» What the task asks:
Take the lines below from the one with "Тут все мои" through the one with "- dto 객체에 담는다." and retype them exactly. Include nothing else, and no pictures.

» Available data:
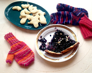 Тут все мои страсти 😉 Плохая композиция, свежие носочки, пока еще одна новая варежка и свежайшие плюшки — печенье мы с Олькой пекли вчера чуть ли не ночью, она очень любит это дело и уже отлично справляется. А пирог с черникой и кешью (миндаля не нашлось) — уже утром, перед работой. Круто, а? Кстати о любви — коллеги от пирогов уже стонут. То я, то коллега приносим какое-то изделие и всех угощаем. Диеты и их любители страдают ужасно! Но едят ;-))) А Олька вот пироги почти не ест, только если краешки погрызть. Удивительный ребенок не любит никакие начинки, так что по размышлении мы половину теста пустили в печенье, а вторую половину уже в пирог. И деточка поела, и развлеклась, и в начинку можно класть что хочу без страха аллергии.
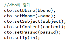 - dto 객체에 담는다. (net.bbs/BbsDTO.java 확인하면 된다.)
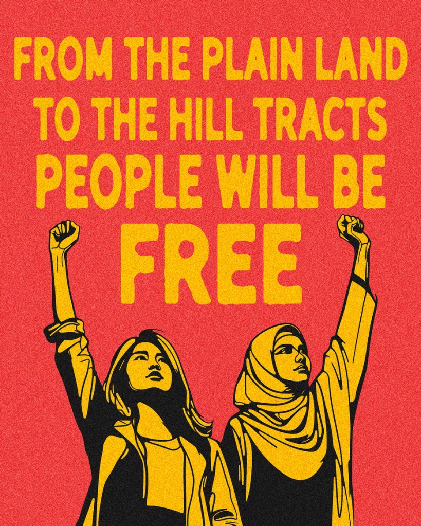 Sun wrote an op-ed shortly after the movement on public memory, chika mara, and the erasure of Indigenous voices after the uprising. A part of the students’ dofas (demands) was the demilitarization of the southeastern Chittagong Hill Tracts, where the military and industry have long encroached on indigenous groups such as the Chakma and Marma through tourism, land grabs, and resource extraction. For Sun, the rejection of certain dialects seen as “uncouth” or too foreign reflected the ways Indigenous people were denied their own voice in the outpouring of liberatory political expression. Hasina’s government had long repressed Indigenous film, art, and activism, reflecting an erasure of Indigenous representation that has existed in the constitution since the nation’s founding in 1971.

==

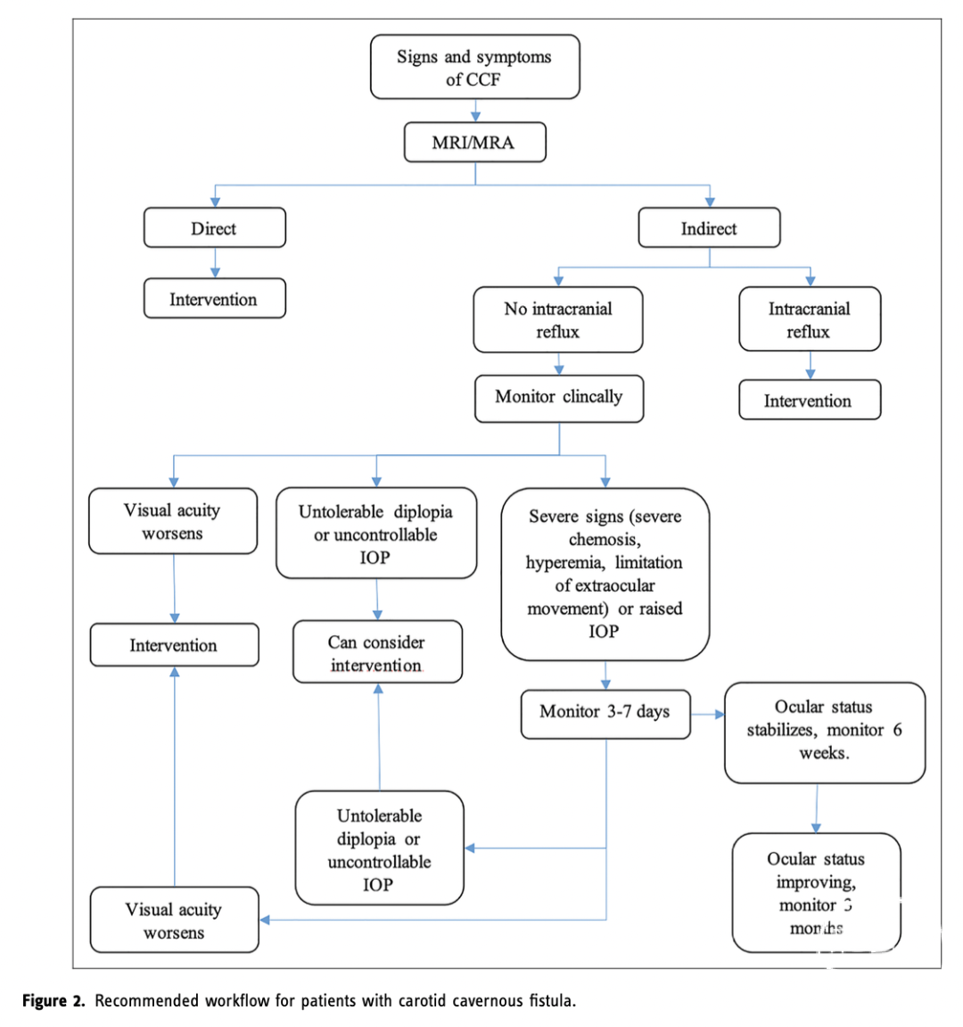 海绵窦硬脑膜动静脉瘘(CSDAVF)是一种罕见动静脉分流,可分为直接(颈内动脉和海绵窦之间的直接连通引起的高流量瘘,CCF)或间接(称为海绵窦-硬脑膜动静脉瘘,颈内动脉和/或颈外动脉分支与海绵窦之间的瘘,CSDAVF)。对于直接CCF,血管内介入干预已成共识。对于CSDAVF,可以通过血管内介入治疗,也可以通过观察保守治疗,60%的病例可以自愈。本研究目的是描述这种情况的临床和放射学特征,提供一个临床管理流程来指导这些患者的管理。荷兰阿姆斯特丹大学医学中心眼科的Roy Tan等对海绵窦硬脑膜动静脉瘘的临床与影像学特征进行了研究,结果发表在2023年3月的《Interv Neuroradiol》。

» Exercise response:
 Тут все мои страсти 😉 Плохая композиция, свежие носочки, пока еще одна новая варежка и свежайшие плюшки — печенье мы с Олькой пекли вчера чуть ли не ночью, она очень любит это дело и уже отлично справляется. А пирог с черникой и кешью (миндаля не нашлось) — уже утром, перед работой. Круто, а? Кстати о любви — коллеги от пирогов уже стонут. То я, то коллега приносим какое-то изделие и всех угощаем. Диеты и их любители страдают ужасно! Но едят ;-))) А Олька вот пироги почти не ест, только если краешки погрызть. Удивительный ребенок не любит никакие начинки, так что по размышлении мы половину теста пустили в печенье, а вторую половину уже в пирог. И деточка поела, и развлеклась, и в начинку можно класть что хочу без страха аллергии.
 - dto 객체에 담는다. (net.bbs/BbsDTO.java 확인하면 된다.)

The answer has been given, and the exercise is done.